Task details
If a picture appears among the records, leave it out and set down everything else exactly as it stands.

Task inputs
---
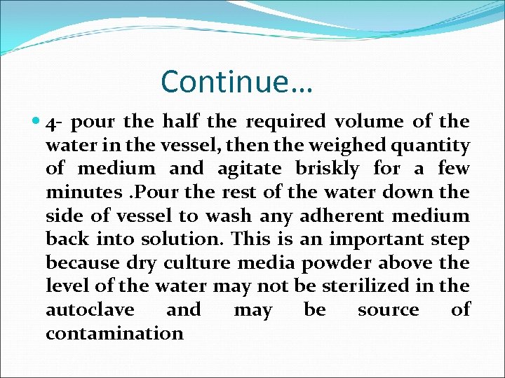 Continue… 4 - pour the half the required volume of the water in the vessel, then the weighed quantity of medium and agitate briskly for a few minutes. Pour the rest of the water down the side of vessel to wash any adherent medium back into solution. This is an important step because dry culture media powder above the level of the water may not be sterilized in the autoclave and may be source of contamination
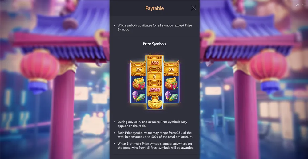 To get a payout from Prize Symbols in Fortune Rabbit, you need to land at least 5 of them anywhere on the reels.
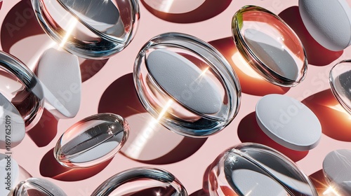 pill, capsule, oval, round, semitransparent, clear, white, pink, background, shadow, light, geometric, pattern, three-dimensional, render, abstract, medicals, pharmacy, health, beauty, cosmetic, product, display, design, modern, shape, floating, glossy, shiny, high-quality, illustration, visual, composition, realistic, glimmer, branding, studio, bright, elegant, sophisticated, aesthetic
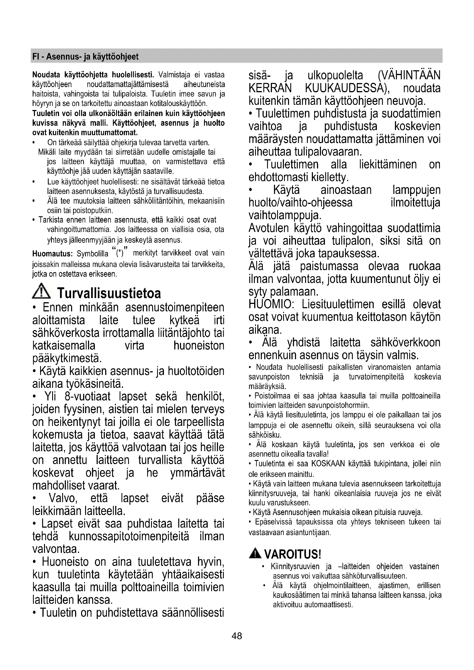 - Tuulettimen puhdistusta ja suodattimien vaihtoa ja puhdistusta koskevien määräysten noudattamatta jättäminen voi aiheuttaa tulipalovaaran.
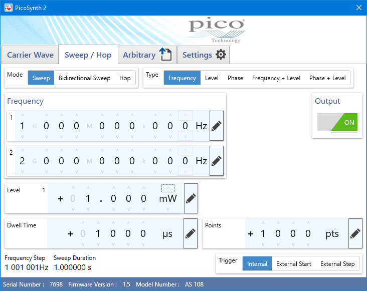 在兩個參數值之間設置掃描和跳躍:掃描開始和掃描結束(停止)。兩者都可以是更高的價值。設置掃描中的點數(2到10 001點之間)。然后,停留時間定義掃描中的每個點將被輸出的持續時間。PicoSynth計算并顯示整個掃描的持續時間和每個點之間的線性步長。雙向掃描將從開始掃描到停止并返回開始完成參數的單次掃描。跳是有限的掃描情況,其中只有兩個參數值交替輸出。
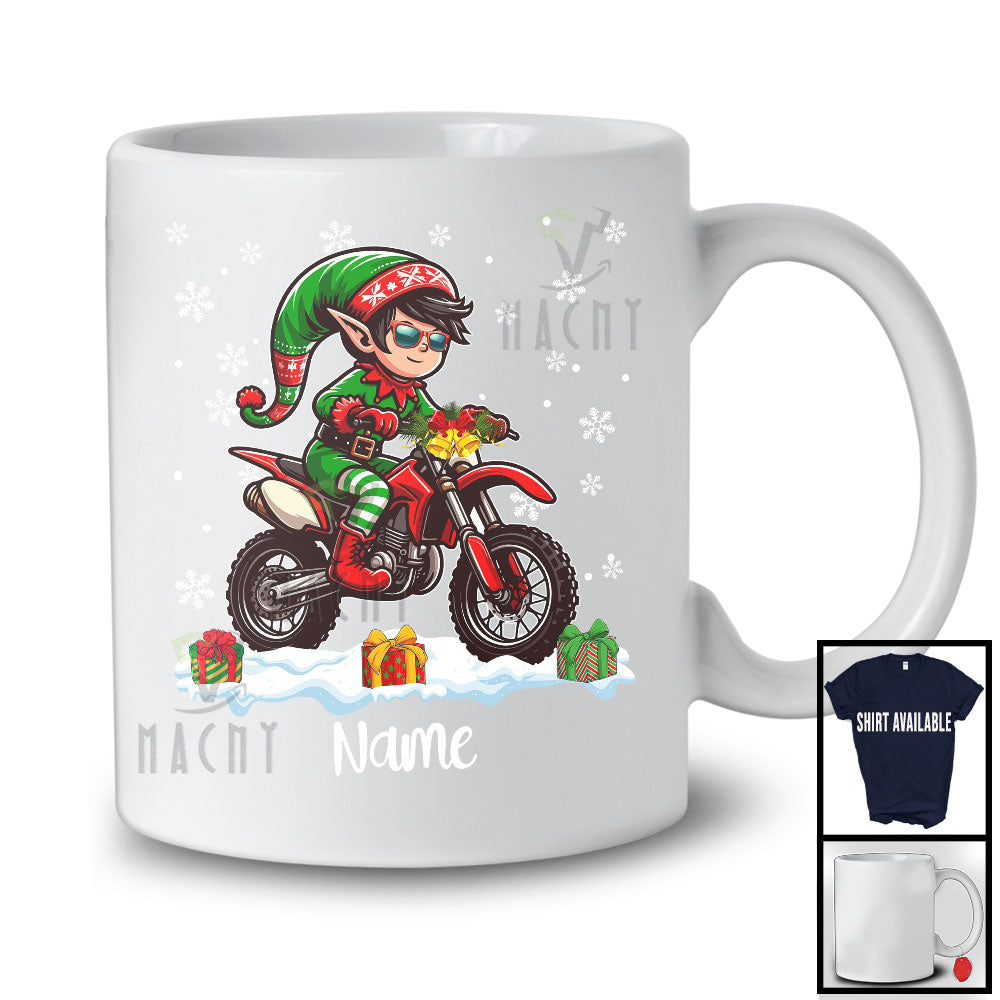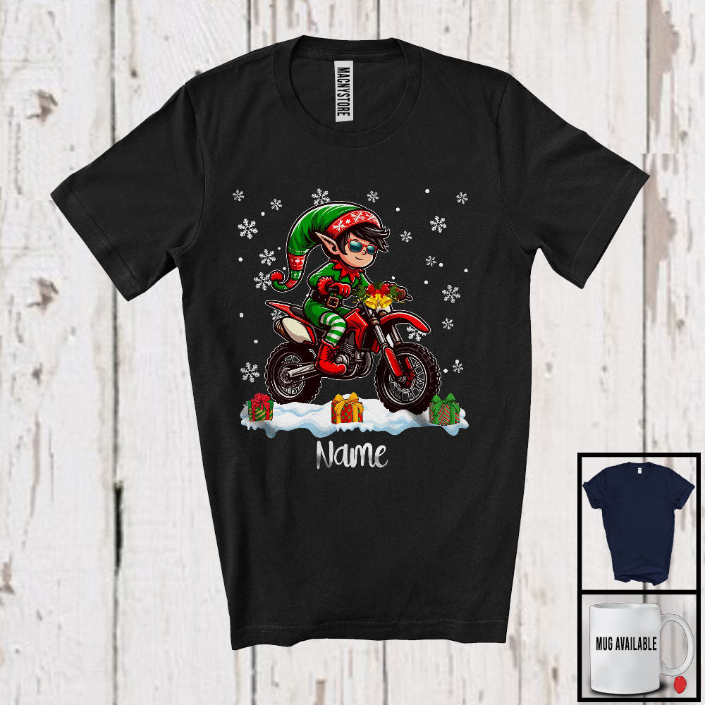Personalized Custom Name Elf Riding Dirt Bike, Adorable Christmas ELF Rider, X-mas Team T-Shirt
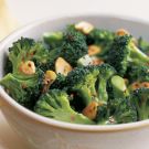 Broccoli, containing vitamins A and C and several minerals, as well as fiber, is one of the most healthful vegetables. This version is drizzled with spicy red pepper oil and garnished with crisp garlic chips.
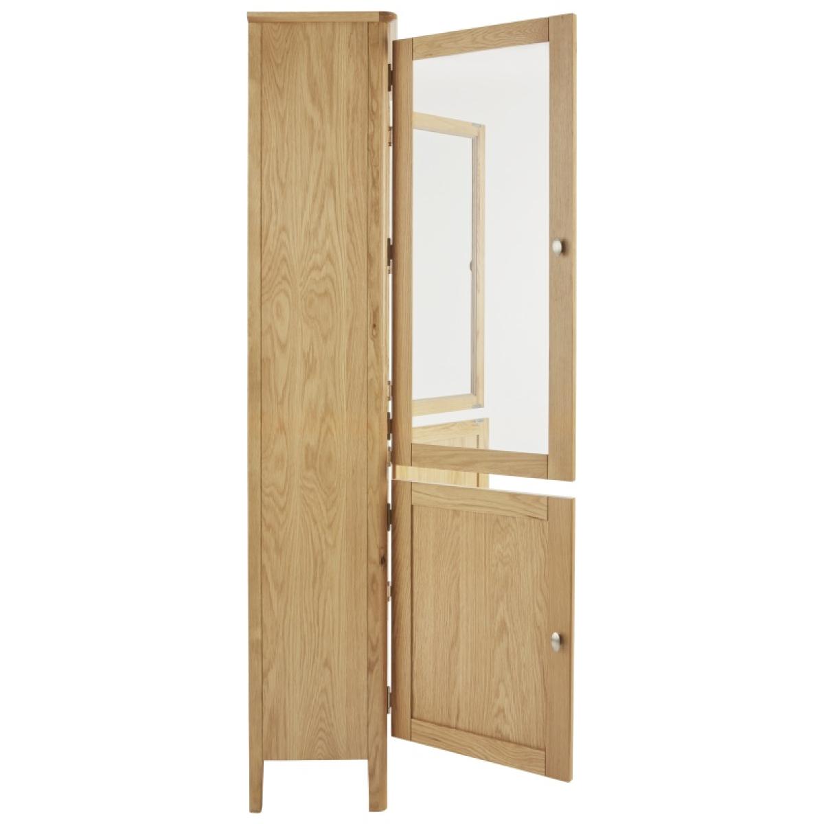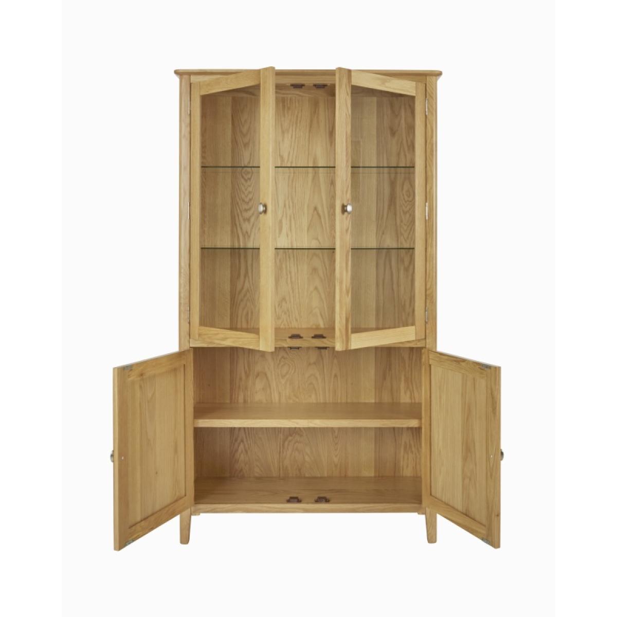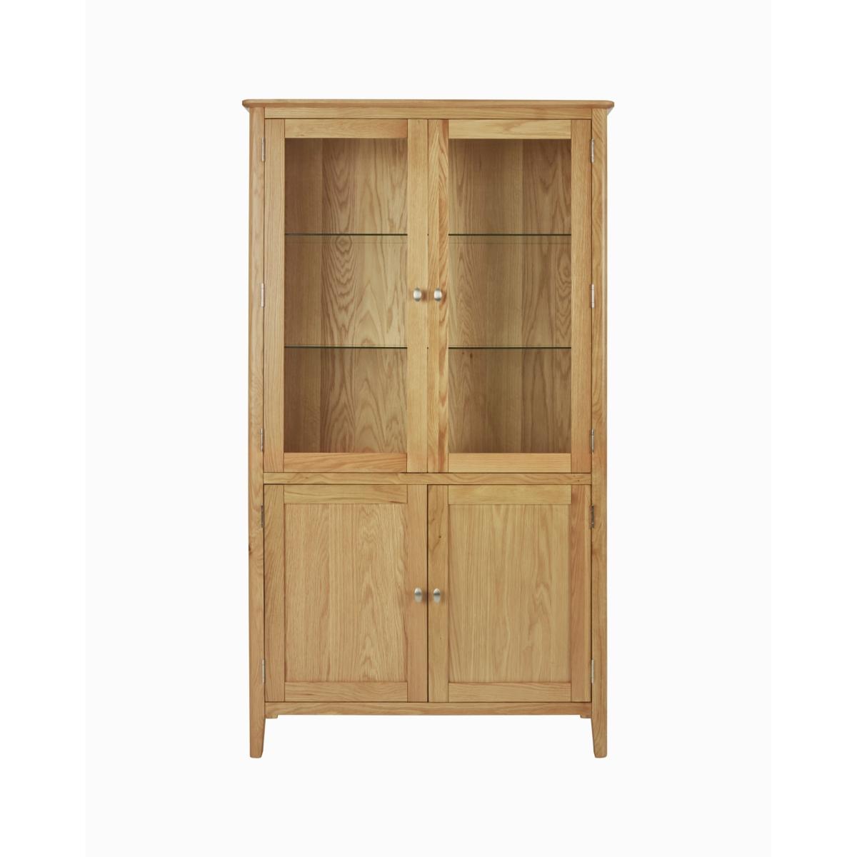With its elegant design, the Hardwick Oak Display Cabinet is a quality piece of furniture that complements and enhances your living room. Crafted from high-quality solid oak with a pale oak finish and satin silver handles, it offers a premium look. The cabinet features two glazed doors that provide a superb view of your ornaments and two wooden doors for storing glasses or bottles. Curved corners, tapered legs, and glass doors allow sunlight to brighten your display, making it a great addition to your home. Features: Oak Wood & Veneer Pale Oak Finish Satin Silver Handles Curved Corners and Tapered Legs Matching furniture available Easy to Clean Assembly Required Dimensions: Width: 134cm Depth: 34cm  Height: 185cm All screens vary in colour reproduction and whilst every effort has been made to display the colour as accurately as possible it is for guidance only.
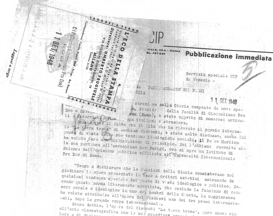 "Conclusioni di padre Morlion sui premi assegnati al festival di Venezia"
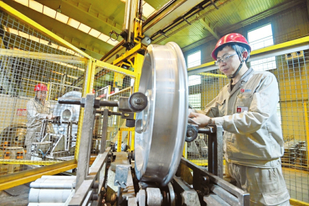 車輪廠二線檢測工部檢查工正在逐片對車輪進(jìn)行目檢。
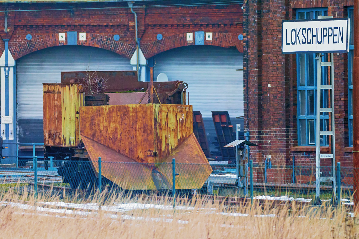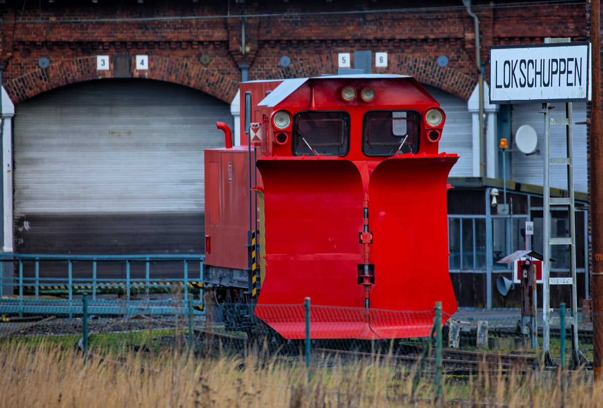 Schneepflug Meiningen SPM 412 wurde auf dem Gelände des Pomerania e.V. abgestellt. Der Zaun trennt das Gelände zwischen Verein und Bf Pasewalk. - 15.12.2016 - Aufgenommen vom Bahnsteig 4 in Pasewalk.
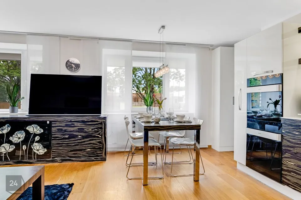 Korteri siseuksed on Haapsalu Uksetehasest, köögitehnika on Gorenjelt. Köögis olemas kõik vajalik: mugaval kõrgusel ahi, nõudepesumasin, külmkapp, kõrge cargo, käteräti cargo, prügikasti cargo ja kõik sahtlid sulguvad push-up süsteemiga, sahtlitel vaikselt sulguvad siinid.
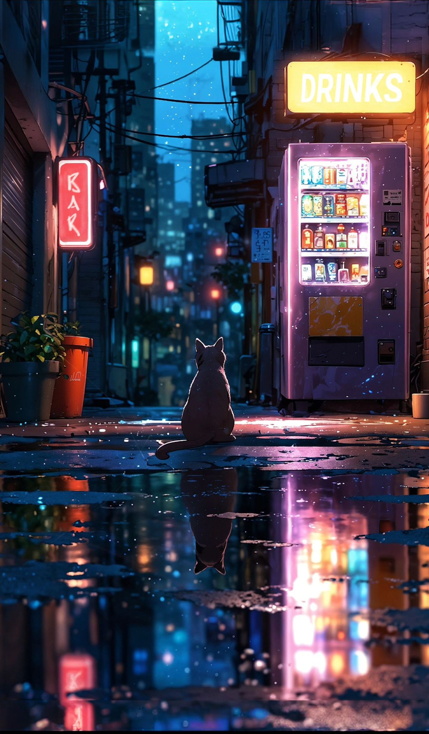 High-quality cyberpunk mobile wallpaper: neon cat by futuristic vending machine. Perfect for your smartphone screen. Download Wallpapers
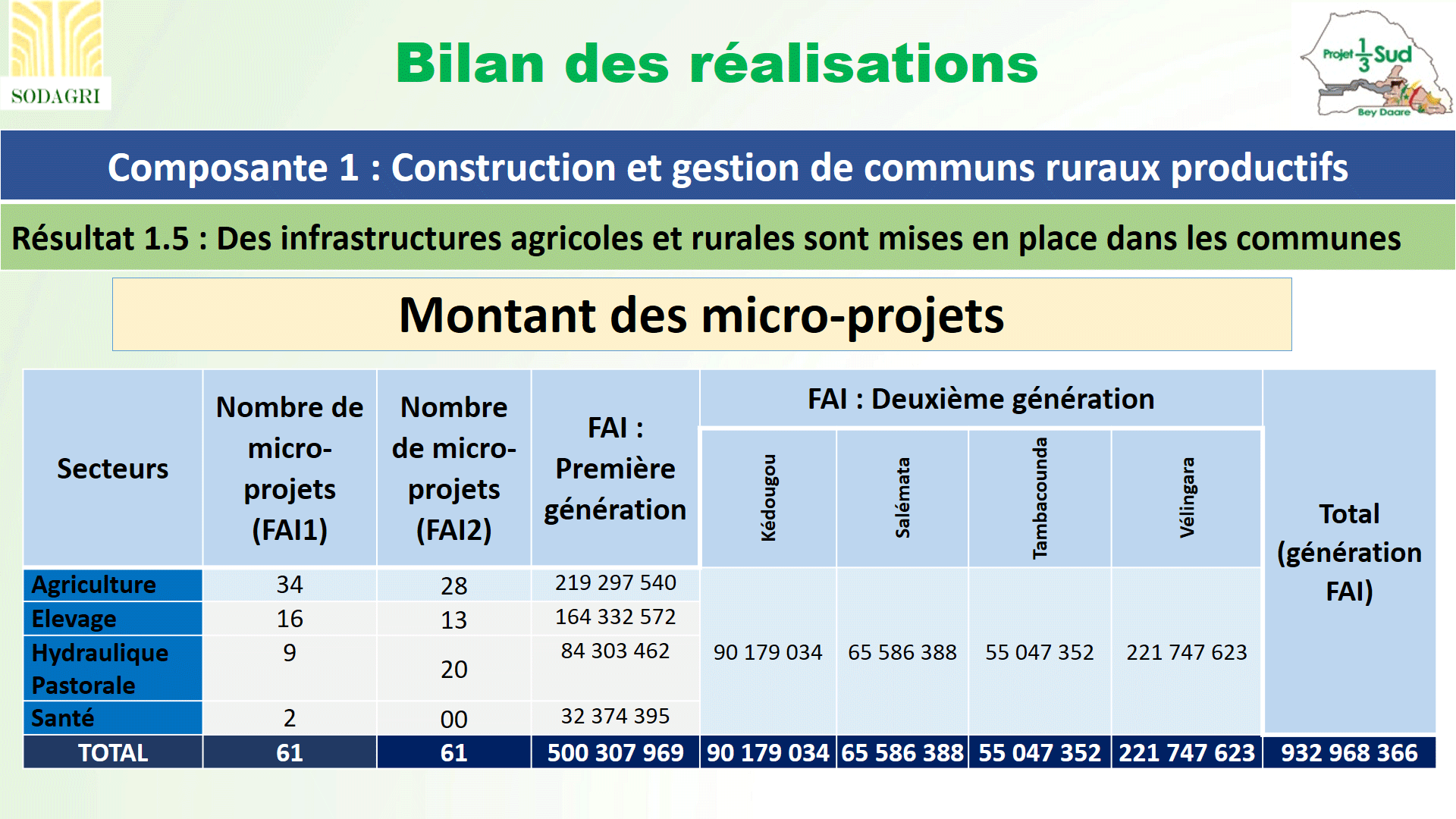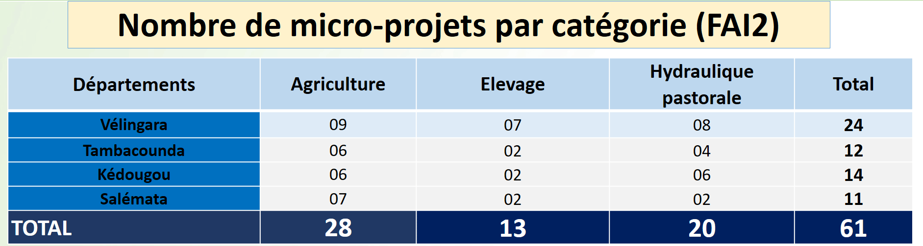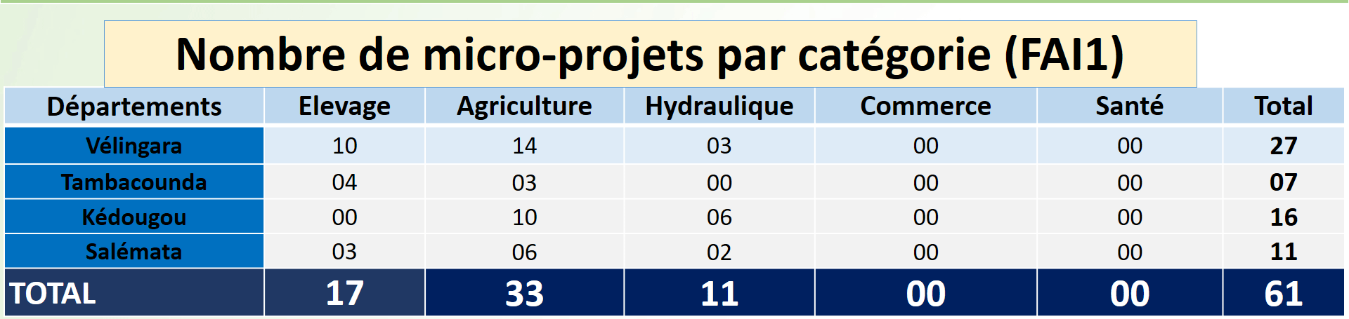 MICRO-PROJETS PAR SECTEURS D'ACTIVITÉS
---
Result
 Continue… 4 - pour the half the required volume of the water in the vessel, then the weighed quantity of medium and agitate briskly for a few minutes. Pour the rest of the water down the side of vessel to wash any adherent medium back into solution. This is an important step because dry culture media powder above the level of the water may not be sterilized in the autoclave and may be source of contamination
 To get a payout from Prize Symbols in Fortune Rabbit, you need to land at least 5 of them anywhere on the reels.
 pill, capsule, oval, round, semitransparent, clear, white, pink, background, shadow, light, geometric, pattern, three-dimensional, render, abstract, medicals, pharmacy, health, beauty, cosmetic, product, display, design, modern, shape, floating, glossy, shiny, high-quality, illustration, visual, composition, realistic, glimmer, branding, studio, bright, elegant, sophisticated, aesthetic
 - Tuulettimen puhdistusta ja suodattimien vaihtoa ja puhdistusta koskevien määräysten noudattamatta jättäminen voi aiheuttaa tulipalovaaran.
 在兩個參數值之間設置掃描和跳躍:掃描開始和掃描結束(停止)。兩者都可以是更高的價值。設置掃描中的點數(2到10 001點之間)。然后,停留時間定義掃描中的每個點將被輸出的持續時間。PicoSynth計算并顯示整個掃描的持續時間和每個點之間的線性步長。雙向掃描將從開始掃描到停止并返回開始完成參數的單次掃描。跳是有限的掃描情況,其中只有兩個參數值交替輸出。
Personalized Custom Name Elf Riding Dirt Bike, Adorable Christmas ELF Rider, X-mas Team T-Shirt
 Broccoli, containing vitamins A and C and several minerals, as well as fiber, is one of the most healthful vegetables. This version is drizzled with spicy red pepper oil and garnished with crisp garlic chips.
With its elegant design, the Hardwick Oak Display Cabinet is a quality piece of furniture that complements and enhances your living room. Crafted from high-quality solid oak with a pale oak finish and satin silver handles, it offers a premium look. The cabinet features two glazed doors that provide a superb view of your ornaments and two wooden doors for storing glasses or bottles. Curved corners, tapered legs, and glass doors allow sunlight to brighten your display, making it a great addition to your home. Features: Oak Wood & Veneer Pale Oak Finish Satin Silver Handles Curved Corners and Tapered Legs Matching furniture available Easy to Clean Assembly Required Dimensions: Width: 134cm Depth: 34cm  Height: 185cm All screens vary in colour reproduction and whilst every effort has been made to display the colour as accurately as possible it is for guidance only.
 "Conclusioni di padre Morlion sui premi assegnati al festival di Venezia"
 車輪廠二線檢測工部檢查工正在逐片對車輪進(jìn)行目檢。
 Schneepflug Meiningen SPM 412 wurde auf dem Gelände des Pomerania e.V. abgestellt. Der Zaun trennt das Gelände zwischen Verein und Bf Pasewalk. - 15.12.2016 - Aufgenommen vom Bahnsteig 4 in Pasewalk.
 Korteri siseuksed on Haapsalu Uksetehasest, köögitehnika on Gorenjelt. Köögis olemas kõik vajalik: mugaval kõrgusel ahi, nõudepesumasin, külmkapp, kõrge cargo, käteräti cargo, prügikasti cargo ja kõik sahtlid sulguvad push-up süsteemiga, sahtlitel vaikselt sulguvad siinid.
 High-quality cyberpunk mobile wallpaper: neon cat by futuristic vending machine. Perfect for your smartphone screen. Download Wallpapers
 MICRO-PROJETS PAR SECTEURS D'ACTIVITÉS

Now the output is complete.